Perhaps you can see where I’m going to take this in bringing it back to software development. Under one development practice, major functional changes requires disruptive (and implausible) overhauls of the entire system at one time. There are no valid intermediate states; we need to throw the system up in the air and reassemble on the way back down. You might argue that was historically our methodology for large software projects.

Alternatively, following practices of continuous integration and continuous stability, you can change a system by making a series of transformations or refactorings that are neutral to the external behavior of the system but then enable you to make a substantive change to the system in a single shorter, more predictable step.

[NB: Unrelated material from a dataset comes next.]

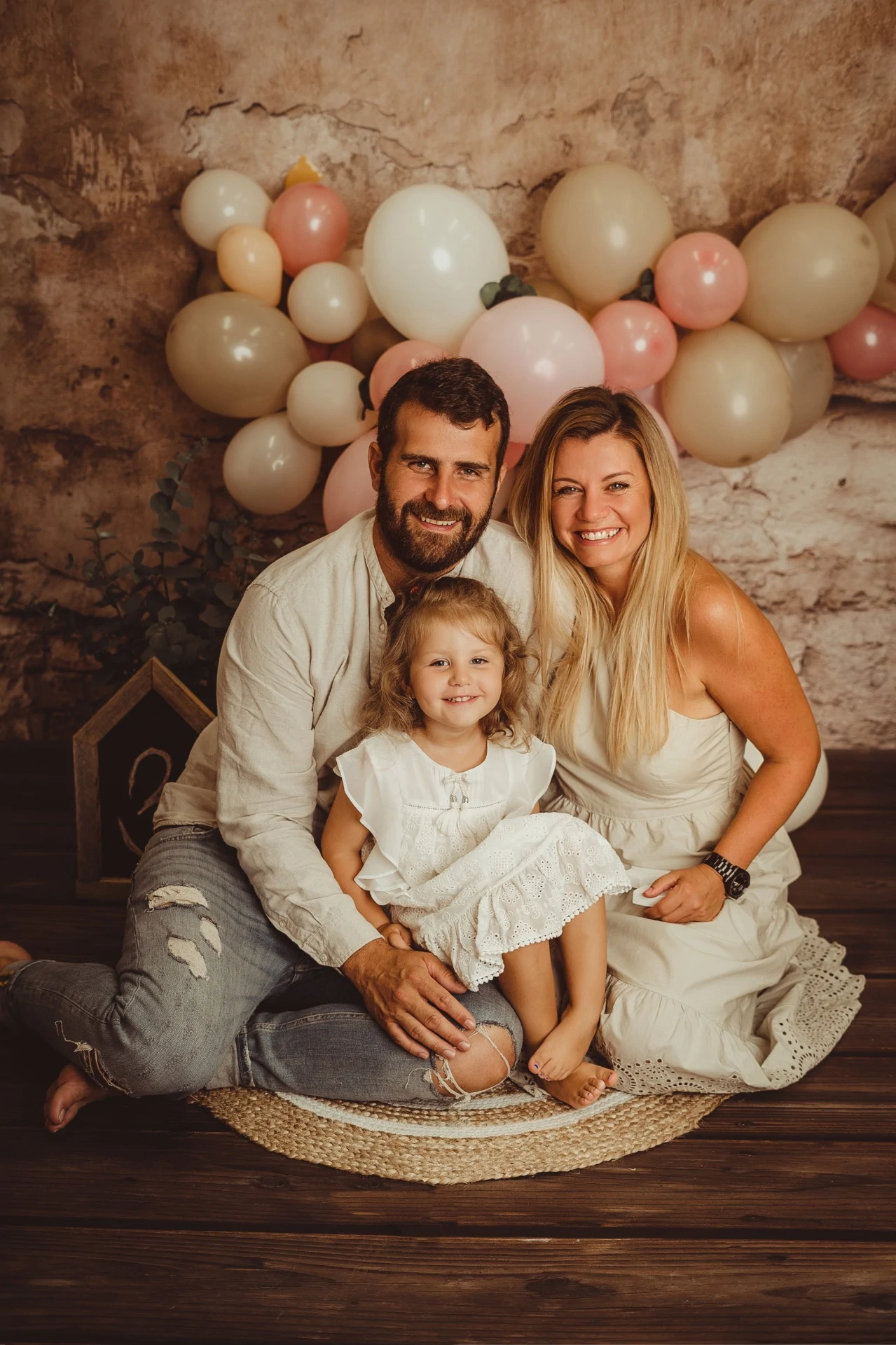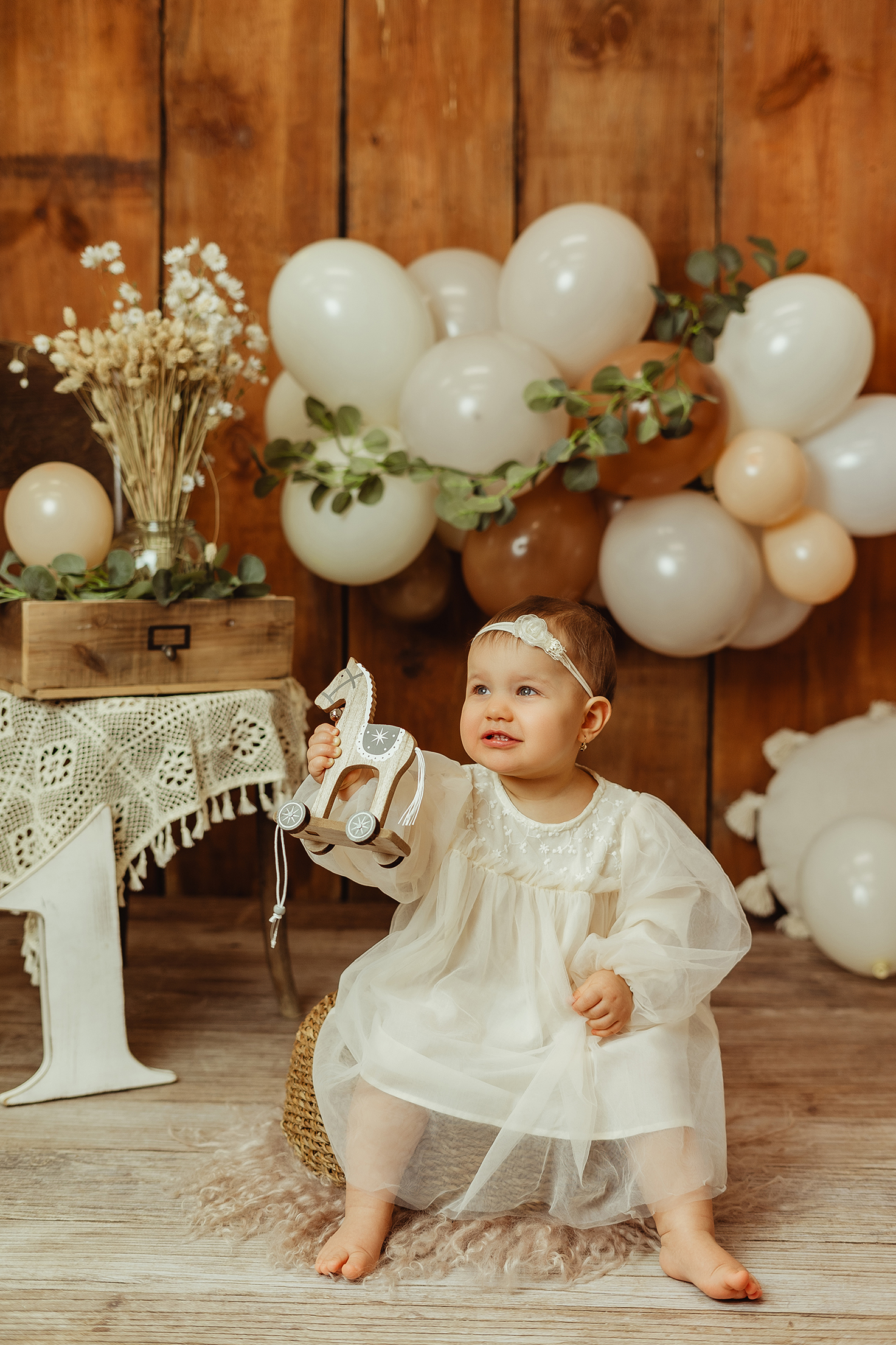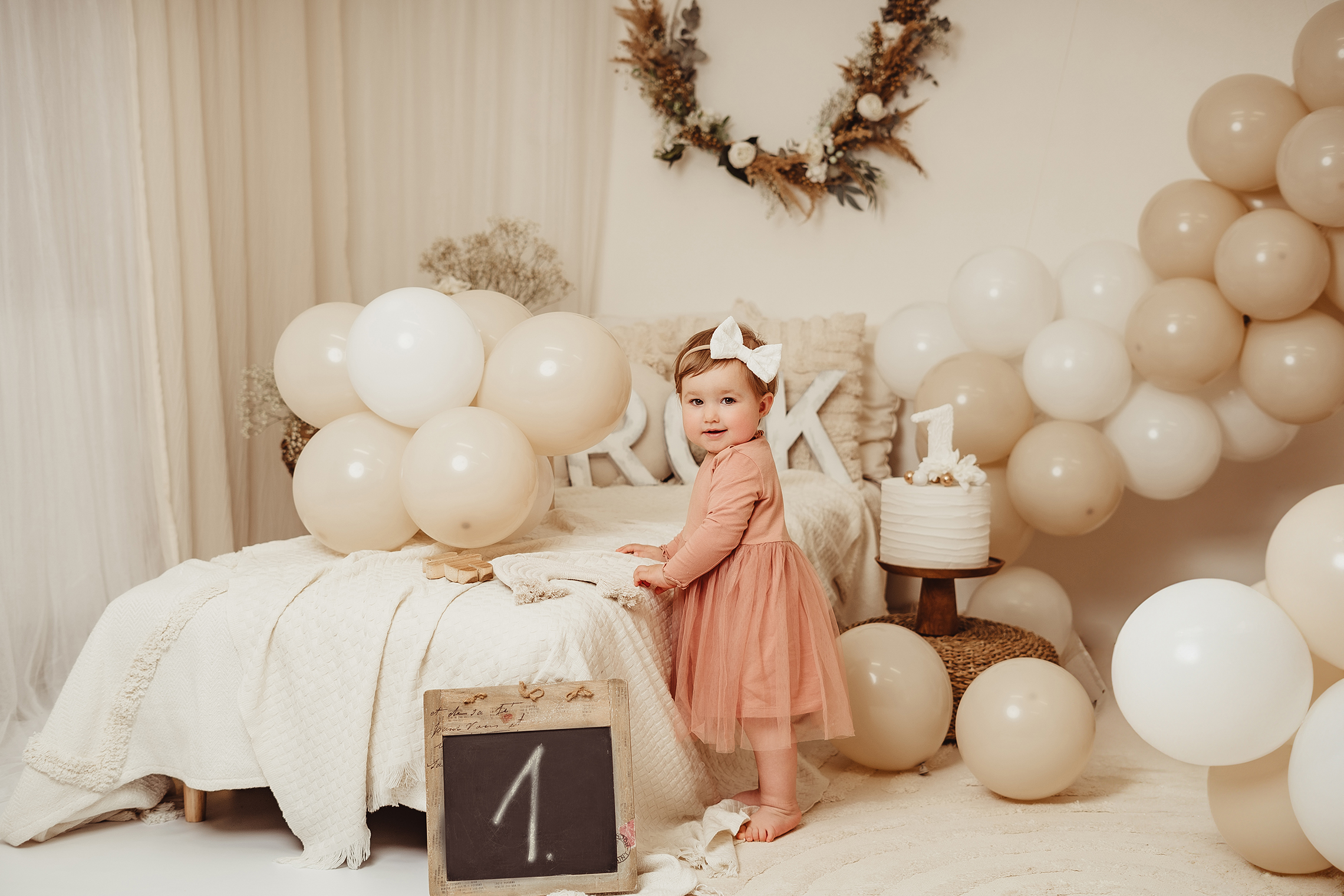 Narozeninové focení probíhá v mém příjemném fotostudiu, kde pro každého malého oslavence připravuji individuální balónkovou výzdobu. Každá scéna je laděná na míru podle vybrané barevné kombinace, aby fotografie působily harmonicky a nadčasově.

I am making an analogy here; I am not arguing that there is some underlying mathematical reason why the higher level structure of the protein state space should be analogous to the structure of software systems. Additionally, nature has no alternative but to take these incremental pathways — we could decide that it was more efficient to “just start over” in altering a software system. However, for large software systems, certainly my judgment has shifted over time to a belief that this continuous model of integration and stability is the only way to reliably, predictably and efficiently enable major new functionality. You get three kinds of inefficiencies when you throw everything up in the air. The first is usually called the long tail of integration and stabilization. Essentially, this is all the stuff you didn’t plan for because you were so focused on building the cool new part. A continuous approach forces you to take this into account along the way. This is not necessarily an inefficiency in the cost of execution, but it is a significant inefficiency in planning — which might actually be more critical. The second form of inefficiency comes when doing programming in the large with many developers. It is just way too easy to externalize the cost that the instability you are introducing has on the rest of the team. As you make the system less stable, all other development and testing gets more expensive and less predictable. This is a huge and largely hidden cost. The third form of inefficiency comes from backloading all the actual validation and learning that comes from real usage and deployment. By making the system unusable for long periods of time you have essentially halted all ability to learn from real usage.

I am always fascinated by books that take a set of facts you thought you understood and provide an entirely new perspective on them. “Arrival of the Fittest” definitely qualified.